Beneath this line sits some data. Return only its lines from the one holding "Left: Plan-view SEM" through the one holding "High-capacity, straight-sided pot", inclusive, exactly, with the images removed.

▶ [Provided entries]
· · · · · · ·
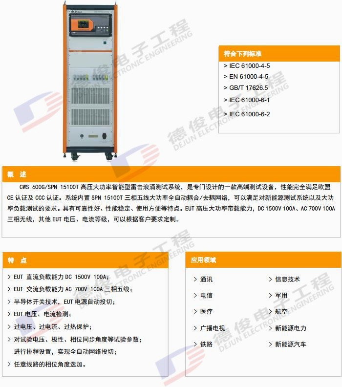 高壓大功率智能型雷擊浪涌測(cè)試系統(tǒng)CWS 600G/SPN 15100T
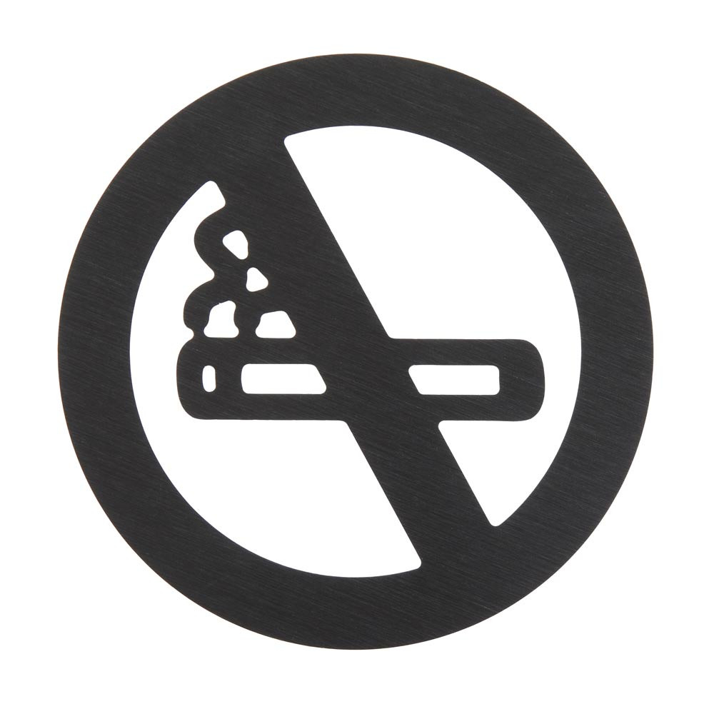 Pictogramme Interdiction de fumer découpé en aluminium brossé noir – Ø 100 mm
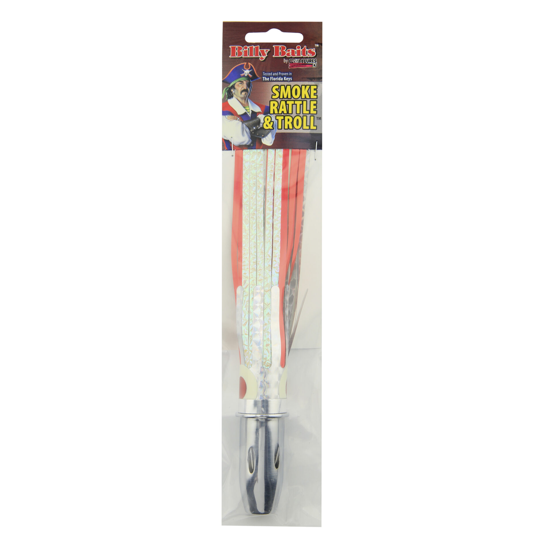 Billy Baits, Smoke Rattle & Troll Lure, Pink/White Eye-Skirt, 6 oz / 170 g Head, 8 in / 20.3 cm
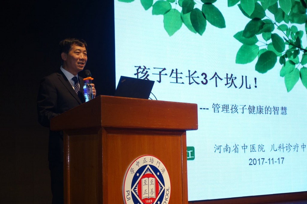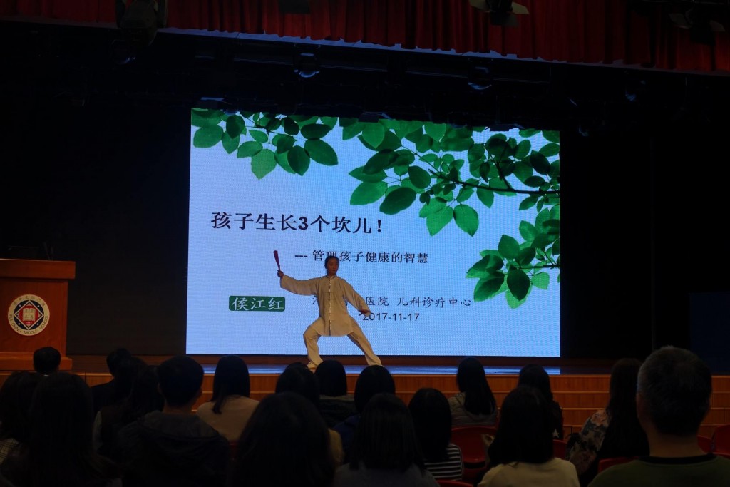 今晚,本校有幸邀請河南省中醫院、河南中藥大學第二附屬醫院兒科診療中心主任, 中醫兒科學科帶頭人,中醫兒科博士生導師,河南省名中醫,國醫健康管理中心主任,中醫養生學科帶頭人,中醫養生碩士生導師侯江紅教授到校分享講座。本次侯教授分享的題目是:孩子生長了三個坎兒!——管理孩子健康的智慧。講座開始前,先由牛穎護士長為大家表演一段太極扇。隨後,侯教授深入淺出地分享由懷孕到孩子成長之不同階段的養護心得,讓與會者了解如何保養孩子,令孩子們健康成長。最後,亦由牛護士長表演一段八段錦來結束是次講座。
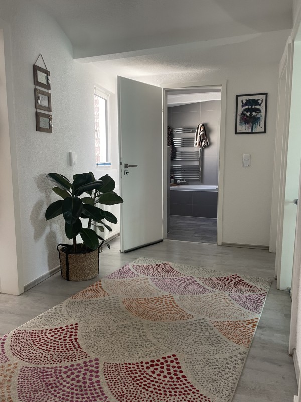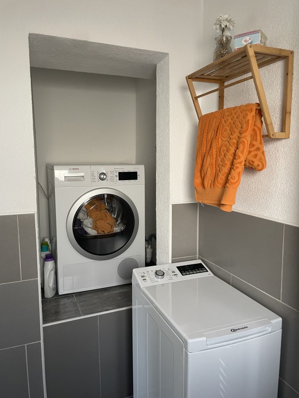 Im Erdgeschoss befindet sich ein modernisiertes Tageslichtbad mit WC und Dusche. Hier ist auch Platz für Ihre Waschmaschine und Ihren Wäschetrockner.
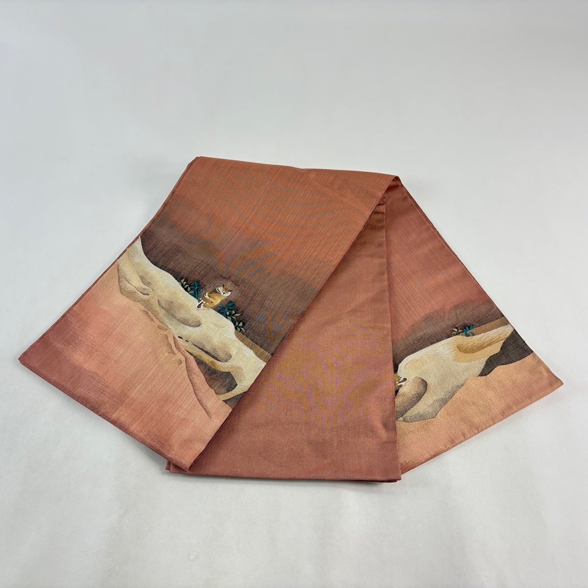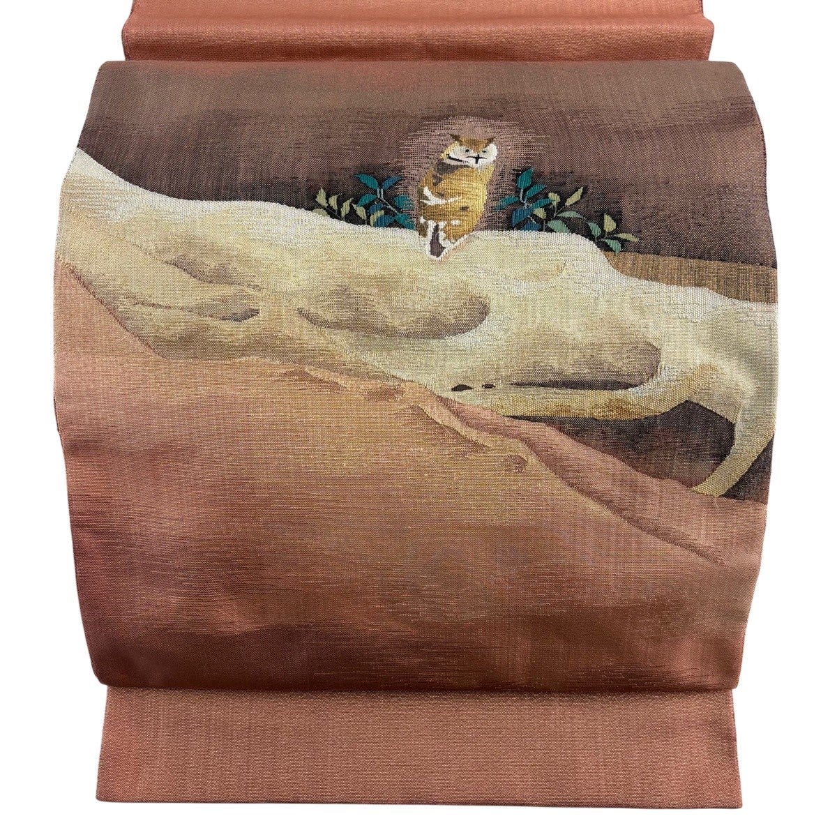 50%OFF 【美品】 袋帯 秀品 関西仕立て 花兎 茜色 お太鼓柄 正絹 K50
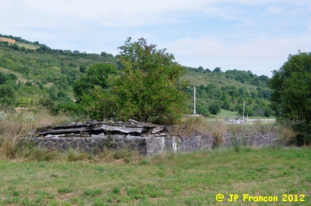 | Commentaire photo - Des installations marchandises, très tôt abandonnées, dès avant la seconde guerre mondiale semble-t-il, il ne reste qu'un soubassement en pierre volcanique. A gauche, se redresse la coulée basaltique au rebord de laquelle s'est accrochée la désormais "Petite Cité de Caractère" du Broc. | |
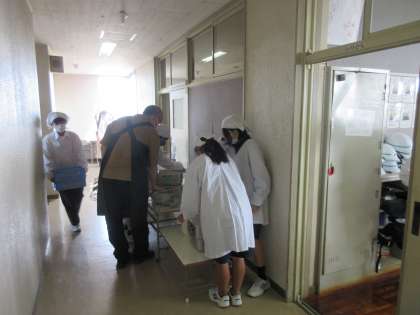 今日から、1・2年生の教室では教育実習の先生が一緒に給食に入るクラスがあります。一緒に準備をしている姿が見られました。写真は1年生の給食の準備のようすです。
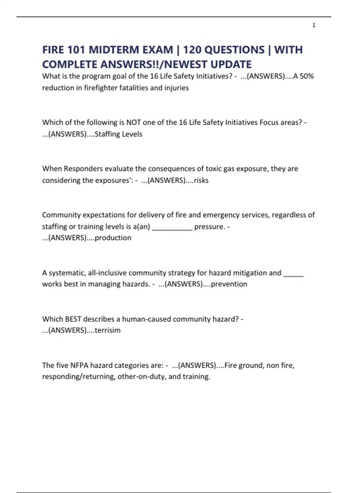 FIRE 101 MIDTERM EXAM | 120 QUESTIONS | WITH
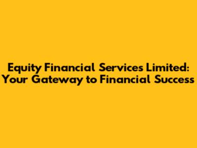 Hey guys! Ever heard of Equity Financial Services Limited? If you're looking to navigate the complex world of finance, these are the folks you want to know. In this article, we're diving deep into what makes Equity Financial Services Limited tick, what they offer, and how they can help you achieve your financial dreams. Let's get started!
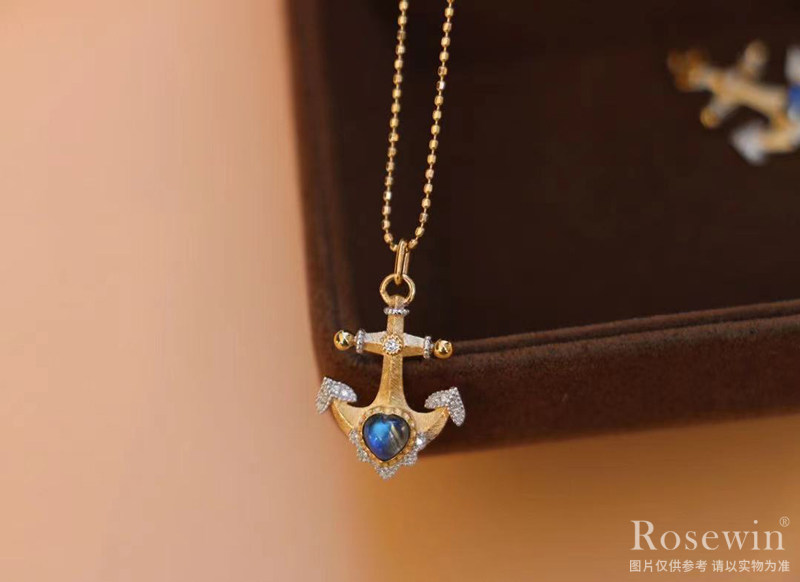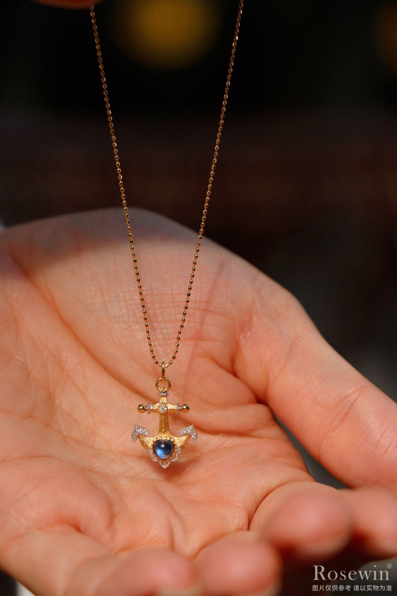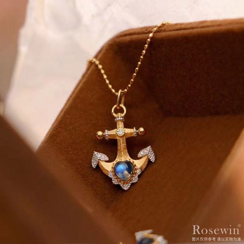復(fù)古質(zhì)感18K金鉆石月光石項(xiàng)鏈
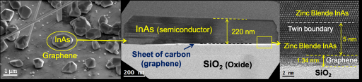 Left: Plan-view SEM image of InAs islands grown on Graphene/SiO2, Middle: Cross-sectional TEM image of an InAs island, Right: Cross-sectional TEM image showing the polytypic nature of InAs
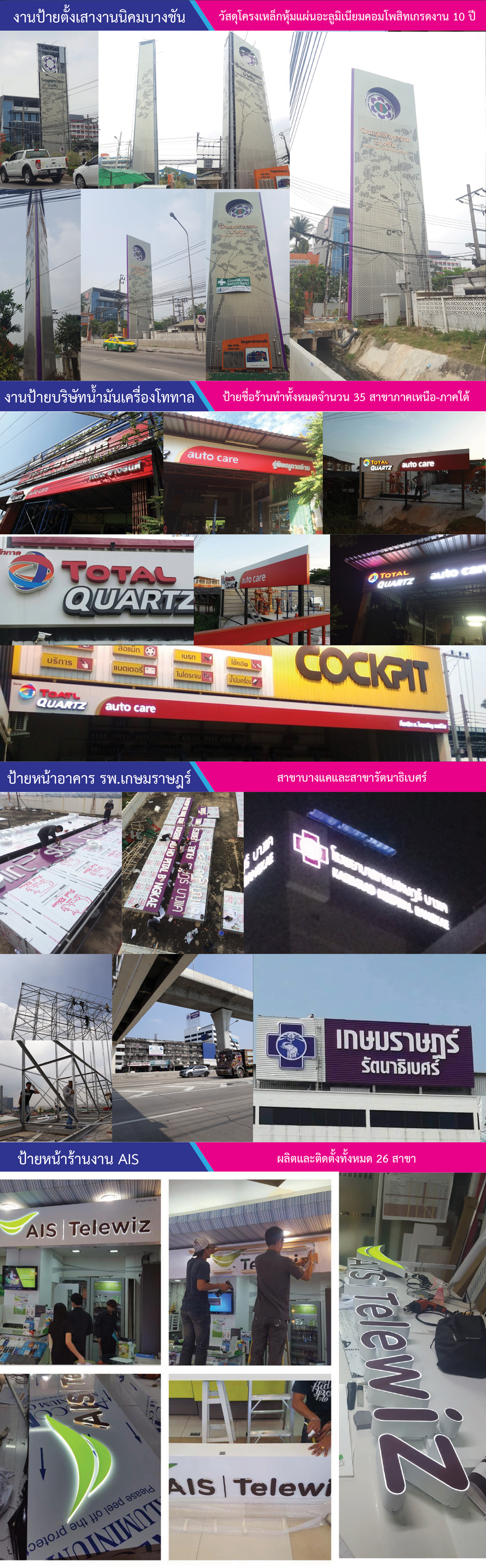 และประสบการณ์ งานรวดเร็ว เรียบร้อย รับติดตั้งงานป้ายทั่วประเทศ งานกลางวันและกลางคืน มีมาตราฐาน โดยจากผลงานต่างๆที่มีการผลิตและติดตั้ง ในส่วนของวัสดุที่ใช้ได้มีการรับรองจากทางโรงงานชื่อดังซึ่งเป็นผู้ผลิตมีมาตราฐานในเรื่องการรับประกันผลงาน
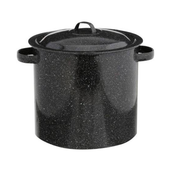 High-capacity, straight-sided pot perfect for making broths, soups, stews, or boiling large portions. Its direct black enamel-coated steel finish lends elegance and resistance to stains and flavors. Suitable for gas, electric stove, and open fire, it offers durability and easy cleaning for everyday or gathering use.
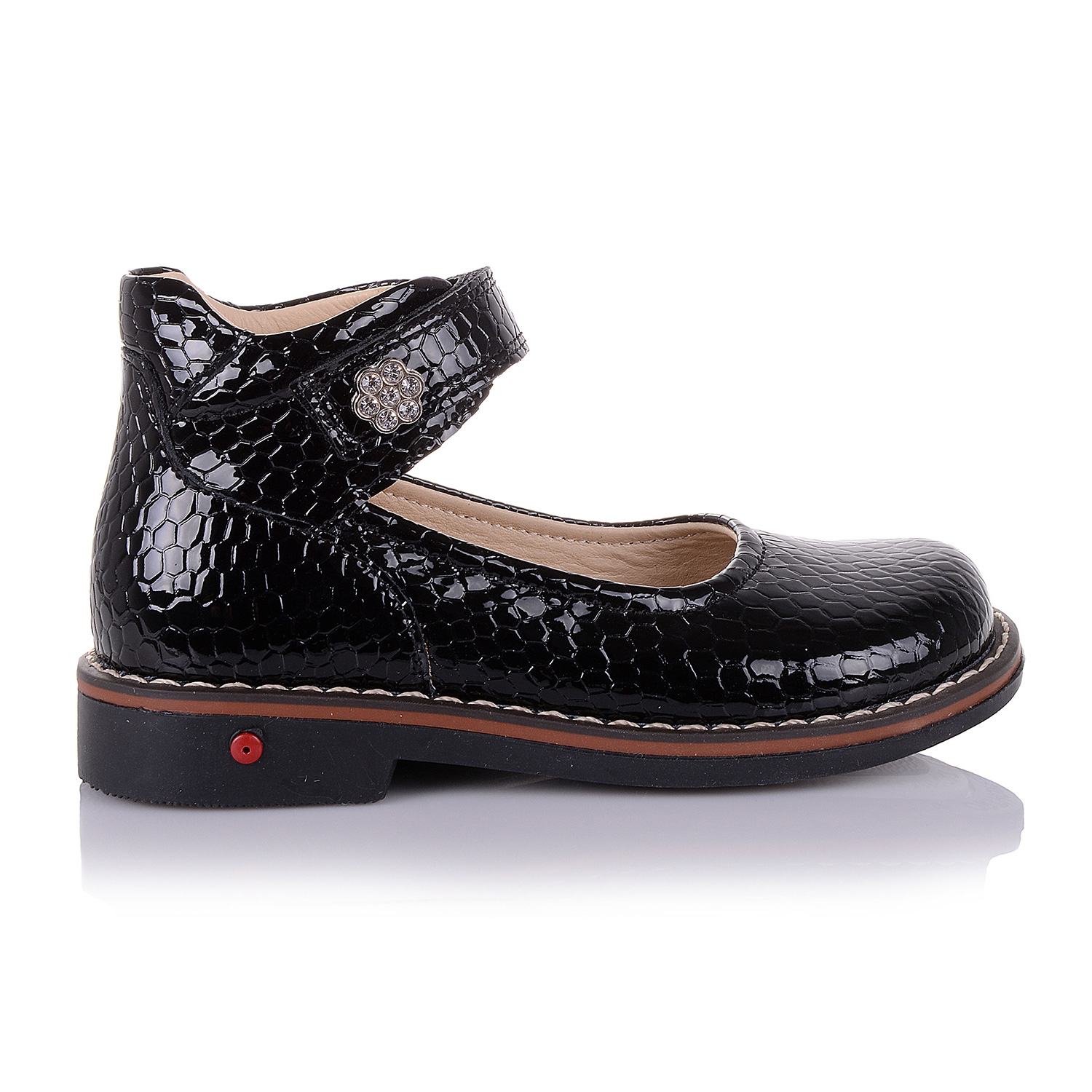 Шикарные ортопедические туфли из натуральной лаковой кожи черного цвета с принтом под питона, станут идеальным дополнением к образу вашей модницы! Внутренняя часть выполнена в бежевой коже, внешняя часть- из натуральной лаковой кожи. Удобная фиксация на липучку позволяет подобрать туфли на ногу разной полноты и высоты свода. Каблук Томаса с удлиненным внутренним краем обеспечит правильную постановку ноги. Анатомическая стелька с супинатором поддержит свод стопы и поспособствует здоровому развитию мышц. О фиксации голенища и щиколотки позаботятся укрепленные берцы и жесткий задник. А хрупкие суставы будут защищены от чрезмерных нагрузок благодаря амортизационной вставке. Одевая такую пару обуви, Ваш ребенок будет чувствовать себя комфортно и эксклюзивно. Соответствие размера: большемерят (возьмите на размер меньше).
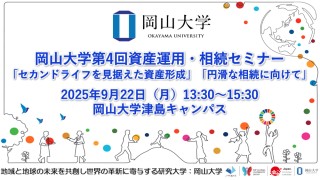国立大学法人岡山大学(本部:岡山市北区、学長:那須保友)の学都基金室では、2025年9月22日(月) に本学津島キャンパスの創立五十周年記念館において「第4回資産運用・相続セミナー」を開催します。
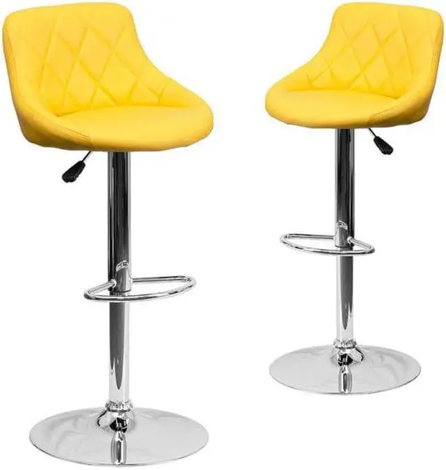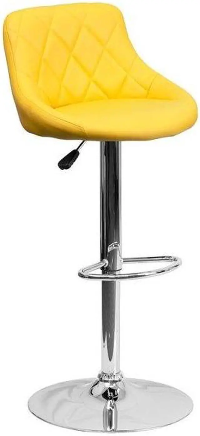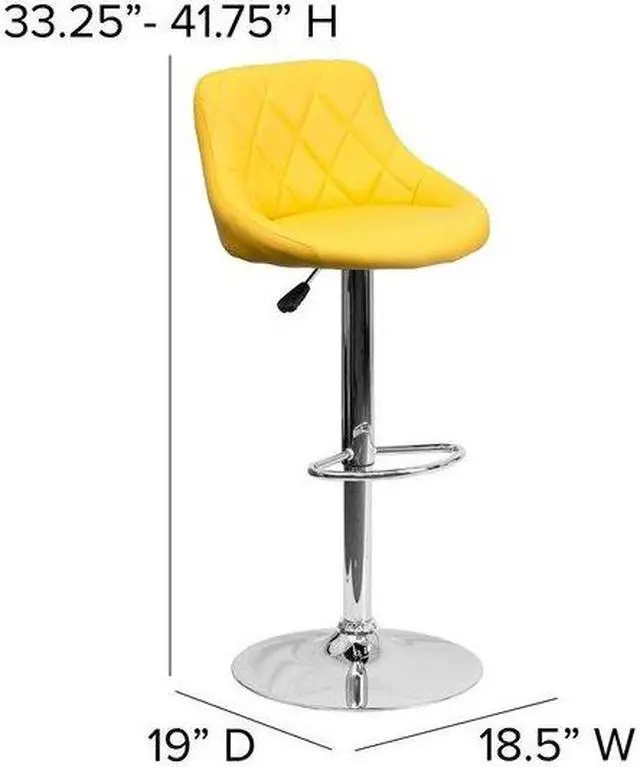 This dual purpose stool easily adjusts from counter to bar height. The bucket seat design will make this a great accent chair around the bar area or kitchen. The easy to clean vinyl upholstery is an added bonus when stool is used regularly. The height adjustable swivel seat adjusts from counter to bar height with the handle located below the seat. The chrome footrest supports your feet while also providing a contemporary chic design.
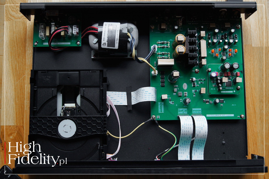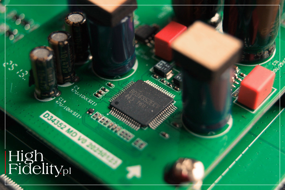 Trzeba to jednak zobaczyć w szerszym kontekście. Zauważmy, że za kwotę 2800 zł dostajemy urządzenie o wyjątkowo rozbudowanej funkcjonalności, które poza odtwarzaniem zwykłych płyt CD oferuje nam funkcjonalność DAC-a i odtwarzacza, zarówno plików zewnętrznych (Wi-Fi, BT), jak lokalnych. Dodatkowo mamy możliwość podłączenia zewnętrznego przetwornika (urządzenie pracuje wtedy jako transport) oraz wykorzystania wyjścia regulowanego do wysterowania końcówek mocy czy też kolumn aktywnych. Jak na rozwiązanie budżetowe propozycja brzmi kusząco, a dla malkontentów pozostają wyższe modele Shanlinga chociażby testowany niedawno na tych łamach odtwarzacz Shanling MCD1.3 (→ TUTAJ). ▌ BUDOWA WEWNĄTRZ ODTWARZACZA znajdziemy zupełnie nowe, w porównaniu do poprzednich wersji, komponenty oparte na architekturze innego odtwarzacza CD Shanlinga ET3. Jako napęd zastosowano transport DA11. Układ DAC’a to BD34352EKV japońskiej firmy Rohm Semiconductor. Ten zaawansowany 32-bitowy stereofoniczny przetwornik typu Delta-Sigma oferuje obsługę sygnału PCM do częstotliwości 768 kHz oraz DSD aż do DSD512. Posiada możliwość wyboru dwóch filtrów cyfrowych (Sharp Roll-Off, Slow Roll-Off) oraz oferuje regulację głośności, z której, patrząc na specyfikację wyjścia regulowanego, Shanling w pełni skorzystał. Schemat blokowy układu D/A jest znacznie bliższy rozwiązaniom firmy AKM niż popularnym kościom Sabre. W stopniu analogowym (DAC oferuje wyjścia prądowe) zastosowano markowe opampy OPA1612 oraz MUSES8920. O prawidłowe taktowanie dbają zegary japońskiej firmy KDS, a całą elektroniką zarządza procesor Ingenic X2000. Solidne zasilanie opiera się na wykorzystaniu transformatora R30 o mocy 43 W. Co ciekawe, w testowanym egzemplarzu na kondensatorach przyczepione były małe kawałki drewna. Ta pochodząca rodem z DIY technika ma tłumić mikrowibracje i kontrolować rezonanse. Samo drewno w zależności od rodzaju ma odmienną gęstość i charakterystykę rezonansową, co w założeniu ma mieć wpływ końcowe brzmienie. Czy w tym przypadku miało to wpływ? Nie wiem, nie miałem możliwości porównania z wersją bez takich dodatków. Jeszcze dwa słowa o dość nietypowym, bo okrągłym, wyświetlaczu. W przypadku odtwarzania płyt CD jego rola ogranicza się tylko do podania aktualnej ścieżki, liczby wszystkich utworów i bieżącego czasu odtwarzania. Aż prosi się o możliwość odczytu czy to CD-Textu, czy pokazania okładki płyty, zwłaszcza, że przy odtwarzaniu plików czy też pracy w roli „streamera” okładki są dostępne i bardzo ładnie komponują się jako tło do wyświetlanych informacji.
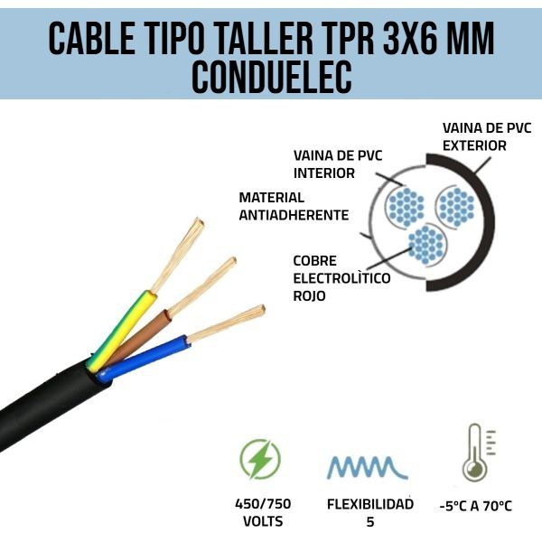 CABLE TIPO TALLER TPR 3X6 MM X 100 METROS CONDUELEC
· · · · · · ·
▶ [Reply to the exercise]
 Left: Plan-view SEM image of InAs islands grown on Graphene/SiO2, Middle: Cross-sectional TEM image of an InAs island, Right: Cross-sectional TEM image showing the polytypic nature of InAs
 และประสบการณ์ งานรวดเร็ว เรียบร้อย รับติดตั้งงานป้ายทั่วประเทศ งานกลางวันและกลางคืน มีมาตราฐาน โดยจากผลงานต่างๆที่มีการผลิตและติดตั้ง ในส่วนของวัสดุที่ใช้ได้มีการรับรองจากทางโรงงานชื่อดังซึ่งเป็นผู้ผลิตมีมาตราฐานในเรื่องการรับประกันผลงาน
 High-capacity, straight-sided pot perfect for making broths, soups, stews, or boiling large portions. Its direct black enamel-coated steel finish lends elegance and resistance to stains and flavors. Suitable for gas, electric stove, and open fire, it offers durability and easy cleaning for everyday or gathering use.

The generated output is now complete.